学校を卒業したばかりの向田さんは初めての職場で「ただ漠然と、今のままではいやだ、何かしっくりしない」と感じて腹を立てていた。物の乏しい時代の冬は厳しかったそうだが、向田さんは、どんなに寒い日が続いても、気に入るのが見つからずに手袋無しですましていた。ある日残業をしていると、目をかけてくれた上司が「ひょっとしたら手袋だけの問題ではないのかも知れないねえ」とやんわり意見してくれた。そんなことをしていたら風邪をひいてしまうよという指摘は、そんな生き方をしていたら後悔するよという趣旨のお説教だったらしい。ここまでは職場のお節介オジサンが登場する普通の話だが、向田さんはその帰路に四谷から渋谷まで、寒空の下を歩き通して結論を出してしまう。翌日から求人欄の仕事探しを始め、その後仕事を転々としながら文筆で生計を立てるにいたる。

同じような気持ちで転職をし、それを繰り返した人がすべて成功したはずもない。若い頃を振り返った結果ありきのエピソードと割り引く必要もありそうだが、たまたま凍えた夜にFM放送で流れてきた物語だったのでしみじみと感じ入った。凍てつく寒さと題名から愛知県半田市出身の新見南吉が書いた「手袋を買いに」という童話を連想した。

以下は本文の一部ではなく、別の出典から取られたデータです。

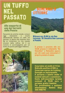 Alla scoperta di uno del torrenti del fiume Pescia passando da antiche strade e mulini abbandonati l’escursione, con guida Romima Biagi, farà un tuffo nel passato. Si incrocerà un misterioso rio che scende sinuoso dalla collina il cui rumore ci accompagnerà per un tratto di questo paesaggio fiabesco.

「母ちゃん、お星さまは、あんな低いところにも落ちてるのねえ」とききました。
「あれはお星さまじゃないのよ」と言って、その時母さん狐の足はすくんでしまいました。「あれは町の灯なんだよ」

雪が降った山で、寒さに凍える子ぎつねの手を温めたいと願うことは親子に共通だ。母ぎつねにとって人間の住む町は怖ろしいところで、子ぎつねにとってはキラキラした星々が低く輝いている場所だ。町に降りたきつねは殺されてしまうこともあるだろうし、物語の世界で人の心に生き続けることもあるかも知れない。人生いろいろだ。何が正解で、何が失敗かなんて誰にも分らないことが多い。向田さんのドラマシリーズは大好きでDVDも持っている。もう読んだような気がしてしまい、これまで文章で読んだことがなかった。きちんと読んでみたくなった。